Copying exactly, give the lines in the material below from the one with "9/19(木)には、研修を終" to the one with "炊き立てお釜ごはん(野草入り)&玉ねぎと冬瓜のスープと一緒に昼食タイム♪↓", ends included, and nothing besides.

EXCERPTED DATA.

>>>>>

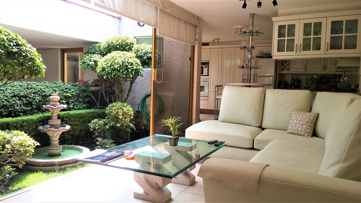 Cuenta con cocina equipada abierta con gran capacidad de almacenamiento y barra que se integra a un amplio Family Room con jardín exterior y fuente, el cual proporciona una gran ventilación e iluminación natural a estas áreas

<<<<<
>>>>>

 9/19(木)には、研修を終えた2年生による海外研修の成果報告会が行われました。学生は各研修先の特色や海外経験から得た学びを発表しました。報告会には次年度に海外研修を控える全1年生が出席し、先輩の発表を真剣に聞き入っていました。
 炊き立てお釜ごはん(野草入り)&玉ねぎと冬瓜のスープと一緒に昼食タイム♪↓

<<<<<

OUTPUT FOR THIS EXERCISE.
 9/19(木)には、研修を終えた2年生による海外研修の成果報告会が行われました。学生は各研修先の特色や海外経験から得た学びを発表しました。報告会には次年度に海外研修を控える全1年生が出席し、先輩の発表を真剣に聞き入っていました。
 炊き立てお釜ごはん(野草入り)&玉ねぎと冬瓜のスープと一緒に昼食タイム♪↓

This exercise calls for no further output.